Israel, which ratified the treaty in 1991, sent a large delegation to the UN hearings in Geneva between September 3-4.

They argued that the treaty did not apply in Gaza or the West Bank and that it was committed to respecting international humanitarian law. It says its military campaign in Gaza is aimed at eliminating Hamas.

The committee praised Israel for attending but said it “deeply regrets the state party’s repeated denial of its legal obligations.”

The 18-member UN Committee monitors countries’ compliance with the 1989 Convention on the Rights of the Child — a widely adopted treaty that protects them from violence and other abuses.

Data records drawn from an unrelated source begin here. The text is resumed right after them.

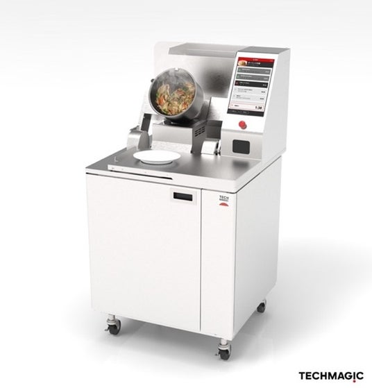 テックマジックが開発した調理ロボットI-Robo は、攪拌、加熱、調理後の鍋の洗浄といった一連の動作を自動化することができるロボットで、炒飯・野菜炒めなど、熟練の職人のレシピを自動で再現します。自動調理においては、メニューに応じて、加熱温度、加熱時間、鍋の回転スピード、回転方向を柔軟且つ適切に調整できます。I-Robo の導入により、人手不足の課題に対し省人化を推進し、人がより付加価値の高い業務に集中できる環境を目指します。
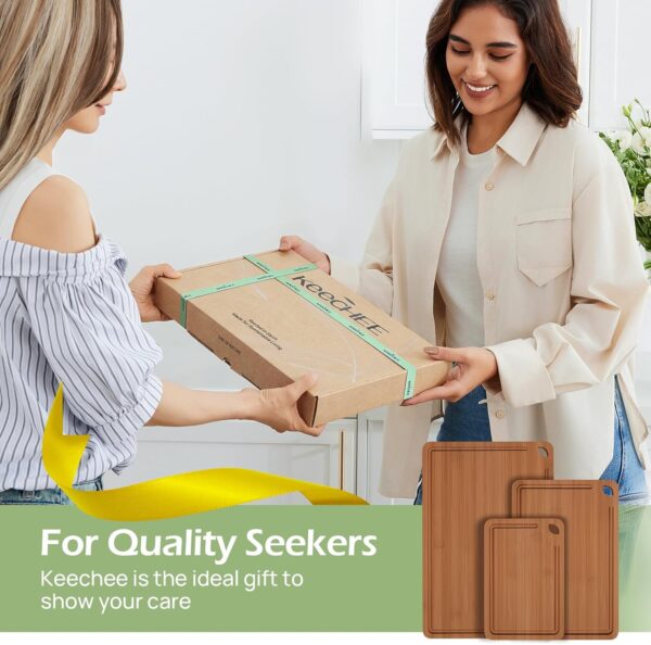 - ๐๐๐ง๐๐๐ข๐ญ ๐๐ฎ๐ซ ๐๐จ๐ฆ๐ – this cutting board set is crafted from sustainably harvested quality bamboo forests(Bamboo grows quickly and a single bamboo can be harvested multiple times). Known for its natural strength and eco-friendliness, our bamboo provides a durable and environmentally responsible choice for your kitchen.
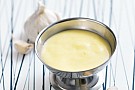 Vispa ihop gulor och citronsaft. Tillsätt oljorna droppvis under kraftig vispning. Smaka av med vitlök och salt.
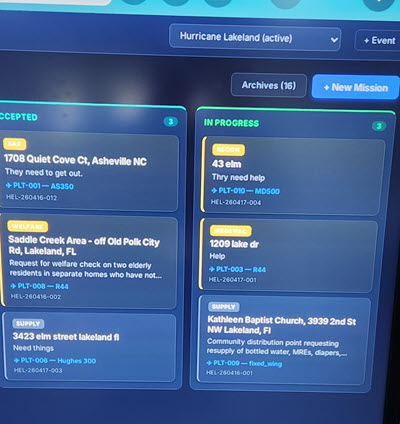 Their truck at SUN ’n FUN had the new large digital screens, showing their digital tech stack and the mission control board, the digital-assignment board and a third board showing exactly where every helicopter is working in the disaster zone. The pilot can also take photographs to that can upload to the system so headquarters can see the issue, such as roads blocked by downed trees after a major storm.
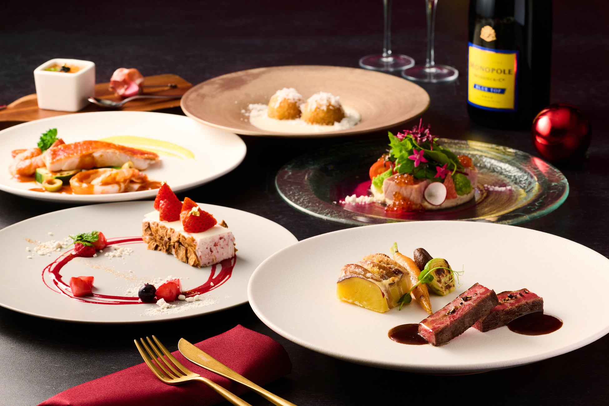 ※12月21日(土)~25日(水)は、乾杯シャンパーニュ付きで5,500円
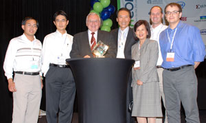 Current student Darsen Lu, UC/Berkeley; former student Clement Wann, TSMC; Larry Sumney, SRC; Chenming Hu, UC/Berkeley; Mrs. Hu; former students Dennis Sylvester, University of Michigan, and Michael Orshansky, UT/Austin
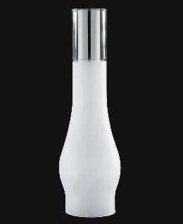 This chimney features frosting from the base to 3/4 of the way up the chimney. The frosted glass diffuses the light produced by the lamp, and produces a nice warm glow. This frosted chimney is also a good pick for electrified lamps, making the light bulb less noticeable.
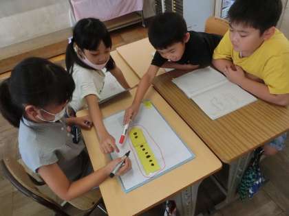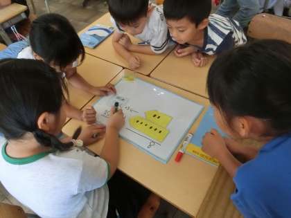 2年生の算数では、増える数の計算を考えました。グループで、話し合った考え方をみんなの前で発表しました。その後、練習問題を行い、学習の定着を図りました。
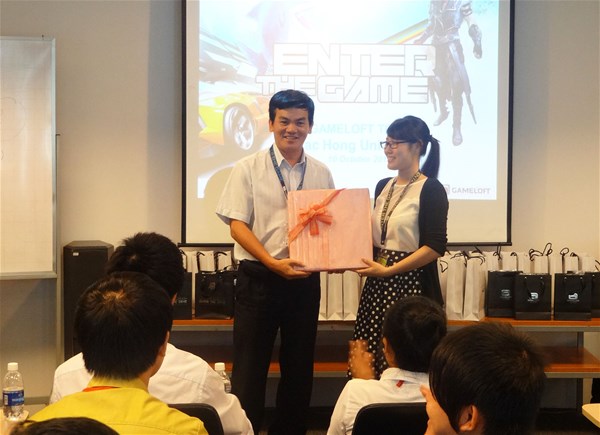 Thầy Phạm Công Xuyên (bên trái), Phó Khoa CNTT, Trường Đại học Lạc Hồng gửi lời cảm ơn và tặng quà lưu niệm đến Công ty GameLoft.
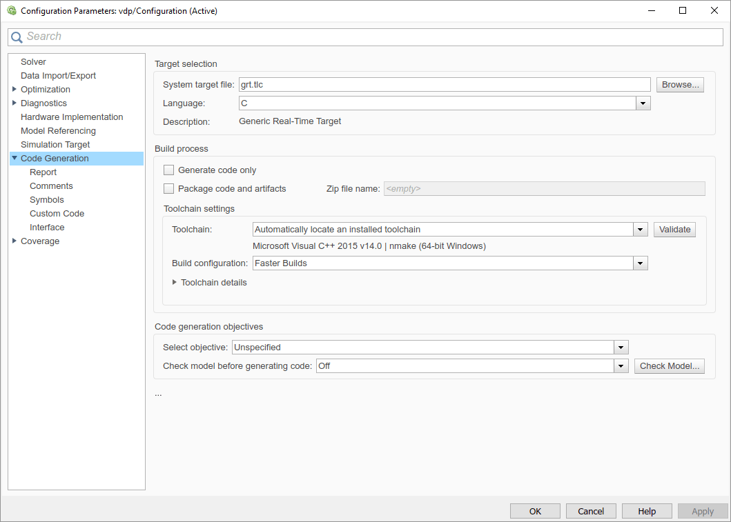 Конфигурация построения -- Указывает параметры оптимизации. По умолчанию для параметра «Конфигурация построения» установлено значение Faster Builds. Также можно выбрать Faster Runs, Debug, и Specify. При выборе Specifyможно настроить параметры для цепочки инструментов. При нажатии кнопки «Применить» пользовательские настройки цепочки инструментов применяются к текущей модели.
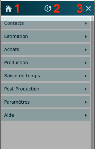 Le menu principal est accessible à travers le logiciel dans la plupart des écrans au coin supérieur gauche de l'écran. Il permet la navigation entre les les différents modules.
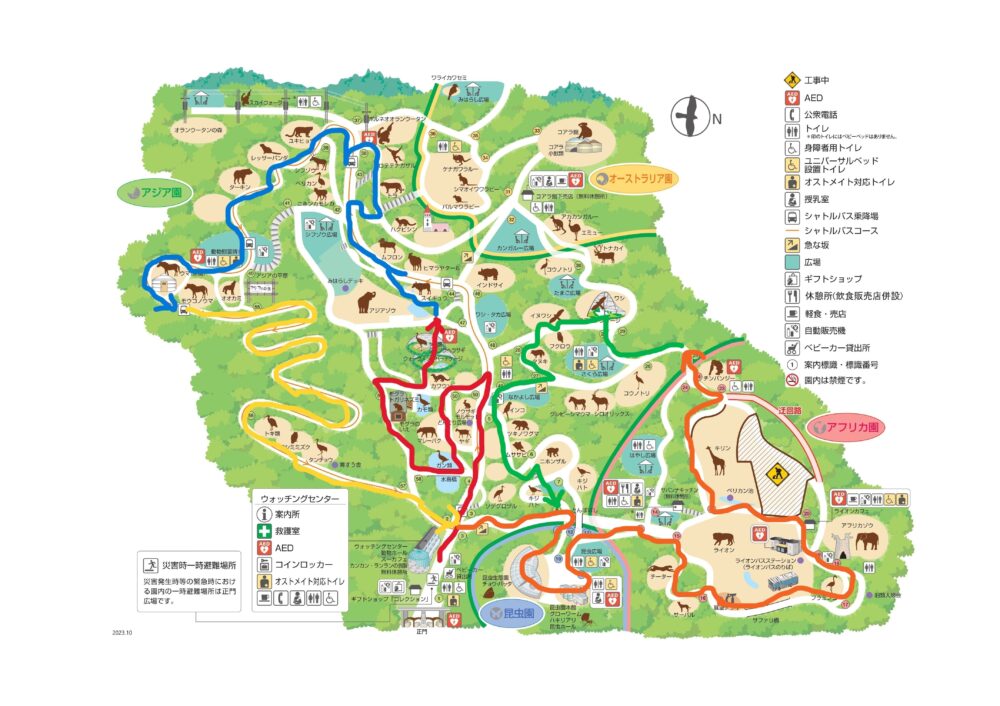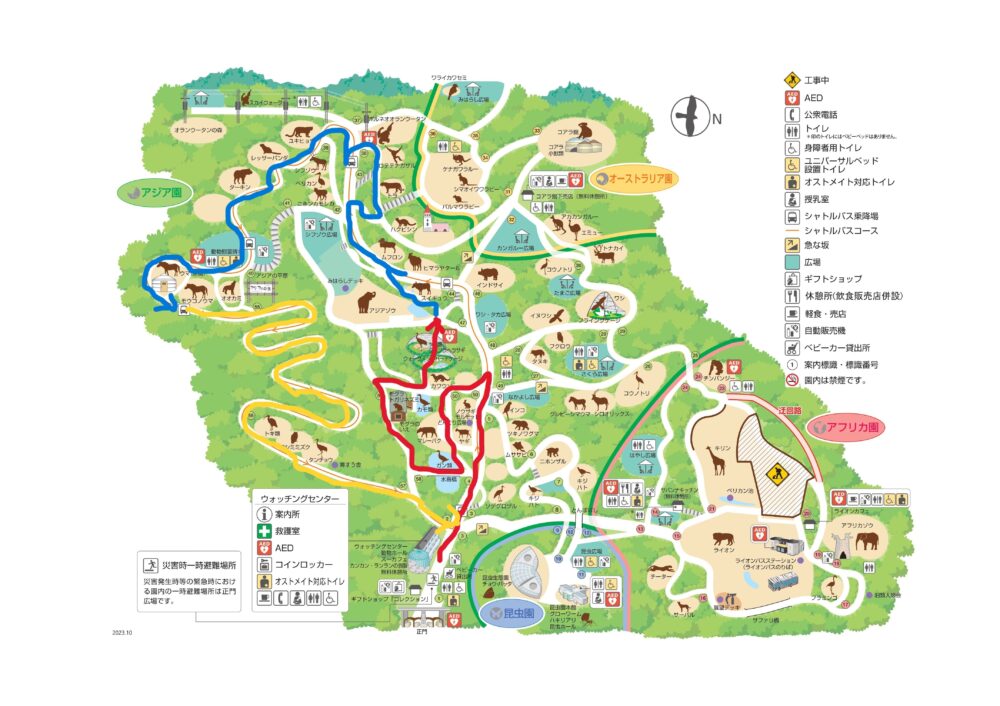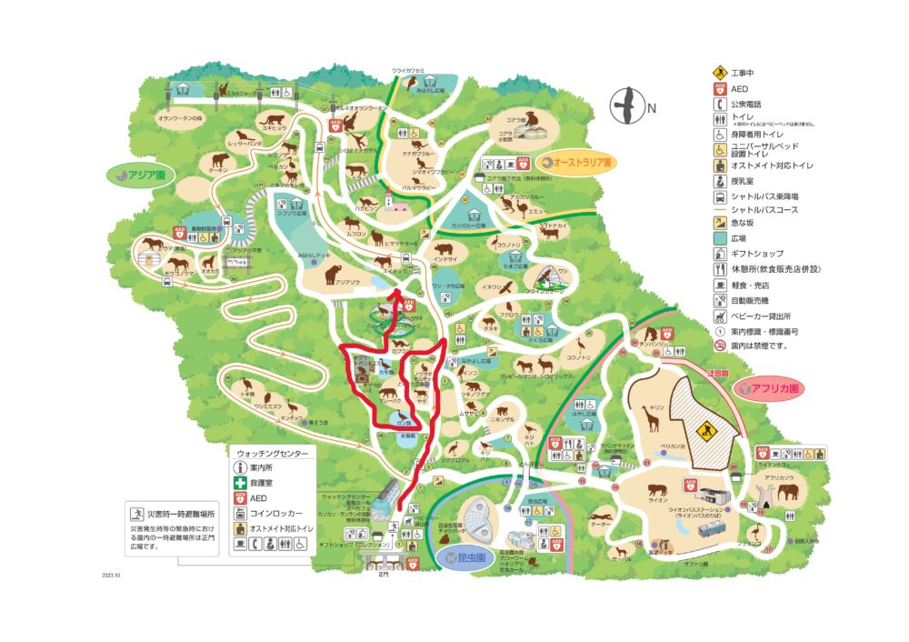 中盤:昆虫館🐜、チーター🐆、サーバル🐈、ライオン🦁、象🐘、キリン🦒、チンパンジー🐵
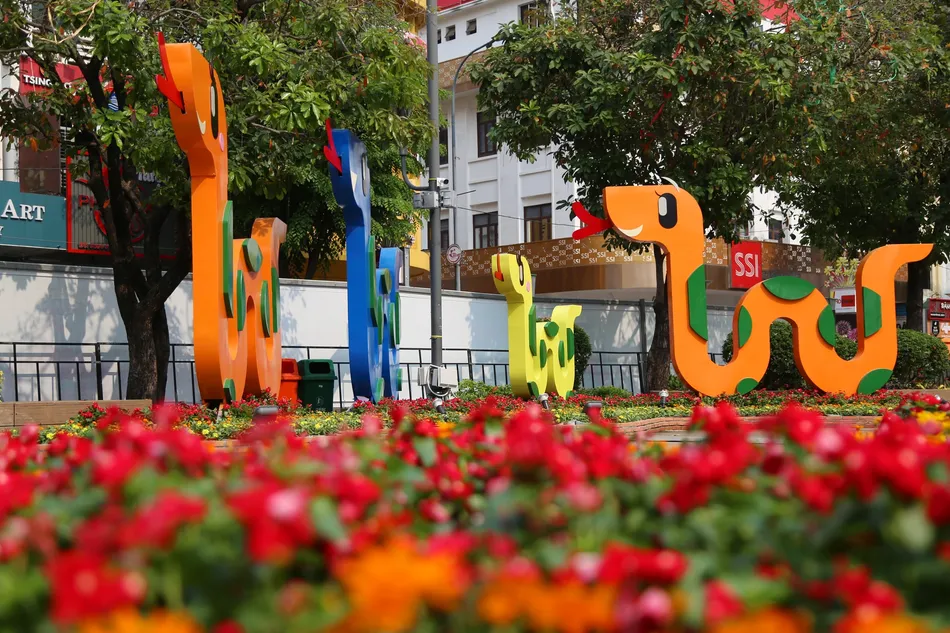 Đường hoa Tết Ất Tỵ 2025 dài 700m, với chủ đề: "Non sông gấm hoa, vui xuân thái hòa", gồm 3 phân đoạn nối tiếp nhau: "Kết đoàn", "Chuyển mình" và "Phát triển", nhằm kỷ niệm 50 năm thống nhất đất nước, thể hiện những chặng đường lịch sử, gian lao của dân tộc.
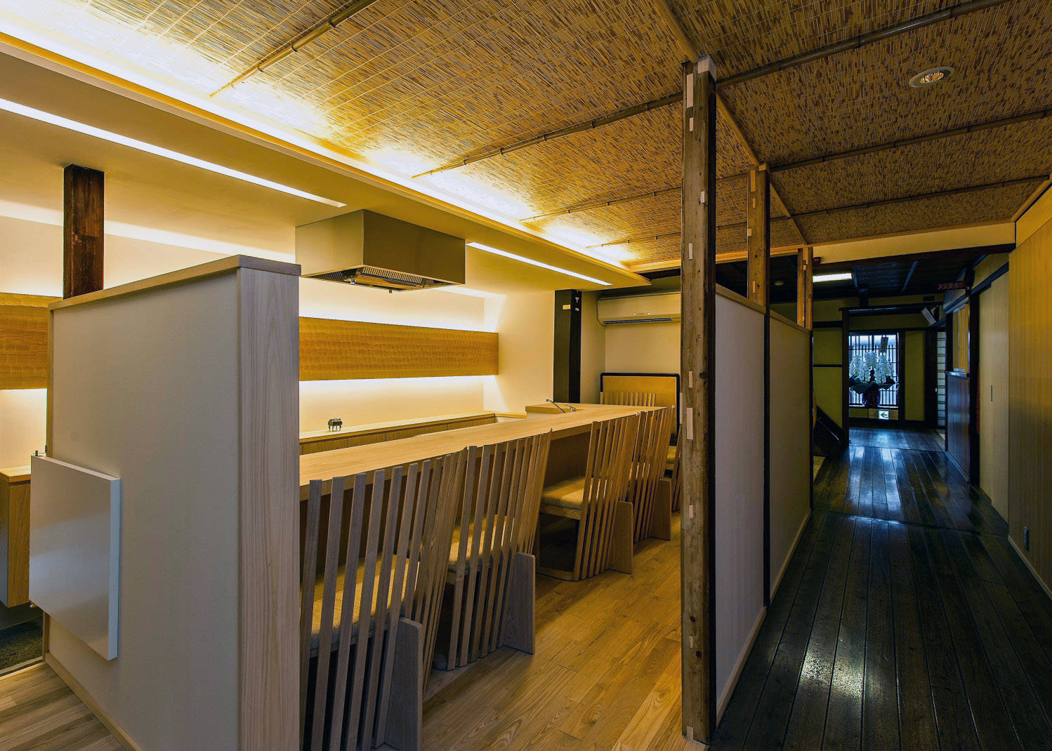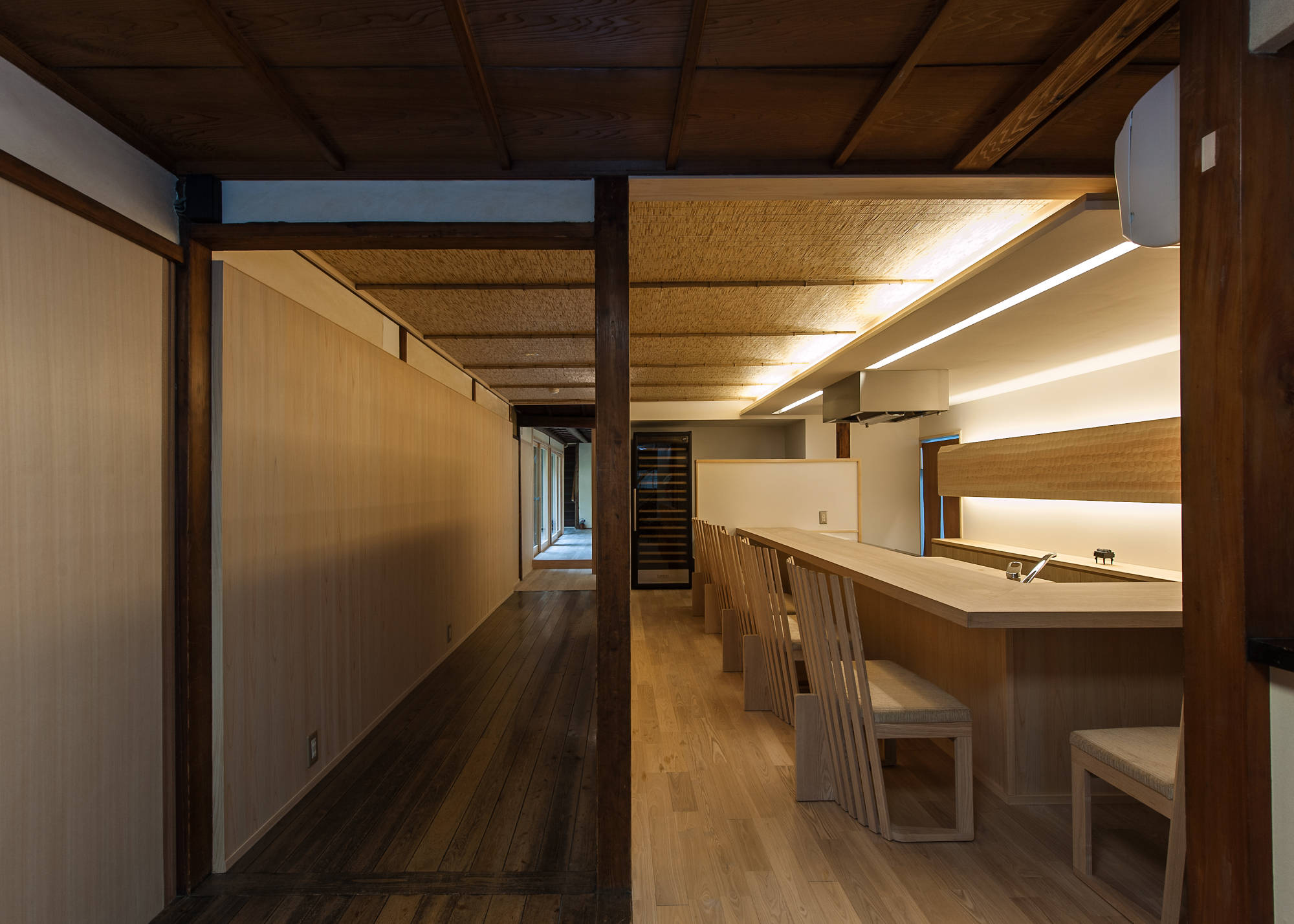 新しく挿入したのは、外部から訪れた客が食事に利用する空間だ。この食事の空間は、正面の壁に付けたナグリの1枚の厚板が場の存在感を増す。この板は間接照明の役割を担うと同時に木の持つ暖かさを感じさせ、チョウナをつかい人の手で削られたウロコ模様が、食事する人に不思議な安らぎを与えてくれる。客と亭主の間を何も遮るモノはないが、厚手のタモカウンターが無意識の境界を造っている。背面には、百年以上使われた柱と床。天井は廊下とつながり、空間の対比は新たな時間の出発を意識させるものだ。

In its conclusions, it called on Israel to provide urgent assistance to thousands of children maimed or injured by the war, provide support for orphans, and allow more medical evacuations from Gaza.

The UN body has no means of enforcing its recommendations, although countries generally aim to comply.

During the hearings, the UN experts also asked many questions about Israeli children, including details about those taken hostage by Hamas, to which Israel’s delegation gave extensive responses.